The pro forma statement is merely a recipe for achieving a reasonable profit based upon the assumptions (sales, margins, expenses, etc.) you provide. This data will then give you a “picture” of the anticipated company’s profits. If you don’t like the answer, then change the assumptions. Be careful, however—you have to achieve that which you have assumed.
Ideally, retailers prepare pro forma statements in advance of the start of any given year or whenever an organization is considering a step that could have a significant financial impact. It is part of the budgeting process. Plainly put, if you want solid end of the year profits, then budget for it! As an aside, if you are seeking any form of financing or have already secured any term loans, banks will require pro forma statements as a part of their due diligence.
The process of constructing a pro forma income statement is relatively easy and straightforward.
- Begin by forecasting sales (e.g. annual sales for next year). Based upon last yea’rs sales, adjust the number up or down to reflect changing conditions, new products, anticipated advertising, etc. Keep notes on how or why you made adjustments to last year’s sales.
- Select your targeted maintained margin percent based upon last year’s numbers. As with sales, raise or lower the targeted margin percent to reflect market changes. Now, multiply the planned sales times the planned maintained margin percent to give you thee total gross margin dollars for the period in question.
- Next, list and forecast all fixed expenses (rents, insurance, et all). Total these and subtract from the total gross margin dollars. Note this resultant number (gross margins net of fixed expenses) must be large enough to support all variable expenses and profits.
- Now list and forecast all variable expenses (payroll, supplies, advertising, etc).
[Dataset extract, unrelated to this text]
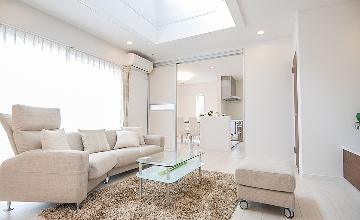 大きな掃き出し窓に面した、明るく開放的なリビング・ダイニングです。明るい自然光が注ぐリビングでくつろぐだけでも充実した休日を過ごせる住まいです。

Total these and subtract from the gross margins net of fixed expenses number. The resultant number is your projected profits or losses for the forecasted period in question.
- Finally, the moment of truth. If the final number forecasts a reasonable return on your sales then great! Usually, however, you will have to adjust your numbers up or down such that the final forecast will yield somewhere between 5% and 10% of sales. Remember the formula (sales times margin percent, minus fixed expenses, minus variable expenses = projected profit or loss).
Once the pro forma income statement is completed, break up the line item numbers into monthly portions, which in turn become the basis for the monthly sales and expense budgets.
The last important ingredient is to compare all projected numbers against actual numbers as they become available, and to make forecast adjustments if prudent. If you are not hitting your numbers, take corrective action and do so aggressively.
Retailers are in business to make a profit…a profit consistent with the work, risk and investment involved. Use pro forma income statements to help you reach your profit aspirations!